Mayor Robert F. Wagner Jr. first organized a preservation committee in 1961, and the following year, created the LPC. The LPC's power was greatly strengthened after the Landmarks Law was passed in April 1965, one and a half years after the destruction of Pennsylvania Station. The LPC has been involved in several prominent preservation decisions, including that of Grand Central Terminal. By 1990, the LPC was cited by David Dinkins as having preserved New York City's municipal identity and enhanced the market perception of a number of neighborhoods.
The LPC is governed by eleven commissioners. The Landmarks Preservation Law stipulates that a building must be at least thirty years old before the LPC can declare it a landmark.
The goal of New York City's landmarks law is to preserve the aesthetically and historically important buildings, structures, and objects that make up the New York City vista. The Landmarks Preservation Commission is responsible for deciding which properties should be subject to landmark status and enacting regulations to protect the aesthetic and historic nature of these properties. The LPC preserves not only architecturally significant buildings, but the overall historical sense of place of neighborhoods that are designated as historic districts.[1] The LPC is responsible for overseeing a range of designated landmarks in all five boroughs ranging from the Fonthill Castle in the North Bronx, built in 1852 for the actor Edwin Forrest, to the 1670s Conference House in Staten Island, where Benjamin Franklin and John Adams attended a conference aimed at ending the Revolutionary War.
The LPC helps preserve the city's landmark properties by regulating changes to their significant features.[2] The role of the LPC has evolved over time, especially with the changing real estate market in New York City.[3]
Potential landmarks are first nominated to the LPC from citizens, property owners, city government staff, or commissioners or other staff of the LPC. Subsequently, the LPC conducts a survey of properties, visiting sites to determine which structures or properties should be researched further. The selected properties will then be discussed at public hearings where support or opposition to a proposed landmark designation are recorded. According to the Landmarks Preservation Law, a building must be at least thirty years old before the LPC can declare it a landmark. Approval of a landmark designation requires six commissioners to vote in favor. Approved designations are then sent to the New York City Council, which receives reports from other city agencies including the New York City Planning Commission, and decides whether to confirm, modify, or veto the designation. Before 1990, the New York City Board of Estimate held veto power, rather than the City Council. After the City Council's final approval, a landmark designation may be overturned if an appeal is filed within 90 days.[4]
The New York Landmarks Preservation Foundation is a not-for-profit organization, established in 1980 to support the Commission.
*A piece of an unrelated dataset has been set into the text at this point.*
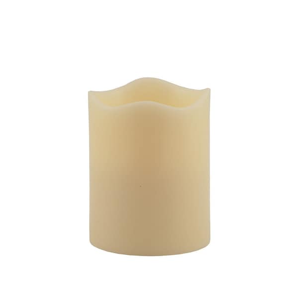 Transform your space with the radiance of this 5-inch ivory flameless pillar candle. The classic, cylindrical shape makes this pillar candle a versatile addition to any decor style, whether it's traditional, contemporary, or modern. Indulge in the authentic charm of beeswax. Using modern technology, this flameless candle gives mesmerizing ambiance of a flickering candle. Let the warm glow of candlelight create an intimate and welcoming ambiance for your guests or a soothing atmosphere for yourself. 5-inch H x 4-inch W x 4-inch D
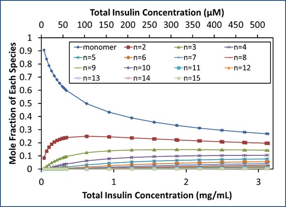 Using the self-association model, the equilibrium distribution of oligomers can be determined (Figure 4). As the total concentration reaches the isodesmic binding site affinity, the self-association of insulin molecules occurs and the monomer fraction in the solution quickly decreases. At concentrations over ~0.6 mg/mL (~100 µM), even the dimer fraction reduces as oligomers of a higher order start to form.

They sponsor plaques, historic district signs, and street signs.
The Landmarks Preservation Commission consists of 11 commissioners, who are unpaid and serve three-year terms on a part-time basis. By law, the commissioners must include a minimum of six professionals: three architects, a historian, a city planner or landscape architect, and a realtor. In addition, the commissioners must include at least one resident from each of New York City's five boroughs (who may also be a professional). All of the commissioners are unpaid, except for the chairman. The commission also employs a full-time, paid workforce of 80, composed of administrators, legal advisors, architects, historians, restoration experts, and researchers. Students sponsored by the federal government, as well as volunteers, also assist the commission.
The full-time staff, students, and volunteers are divided into six departments.[5] [6] The research department performs research of structures and sites that have been deemed potential landmarks. The preservation department reviews and approves permit applications to structures and sites that have been deemed landmarks. The enforcement department reviews reports of alleged violations of the Landmarks Law, which includes alterations to a landmark. In 2016, the preservation commission consolidated its archaeological collection of artifacts and launched a reconstructed archaeology department, known as the NYC Archaeological Repository: The Nan A. Rothschild Research Center.[7] Archaeologists work for the center reviewing the impact of proposed subsurface projects, as well as overseeing any archaeological discoveries.[8] The environmental review department uses data from the research and archaeology departments to collect reports for governmental agencies that require environmental review for their projects.[9] Finally, the Historic Preservation Grant Program distributes grants to owners of landmark properties designated by the LPC or on the National Register of Historic Places (NRHP).[10]
, there are more than 37,900 landmark properties in New York City, most of which are located in 150 historic districts in all five boroughs. The total number of protected sites includes 1,460 individual landmarks, 121 interior landmarks, and 12 scenic landmarks.[11] Some of these are also National Historic Landmark (NHL) sites, and many are on the NRHP.[12], the vast majority of interior landmarks are also exterior landmarks or are part of a historic district.[13]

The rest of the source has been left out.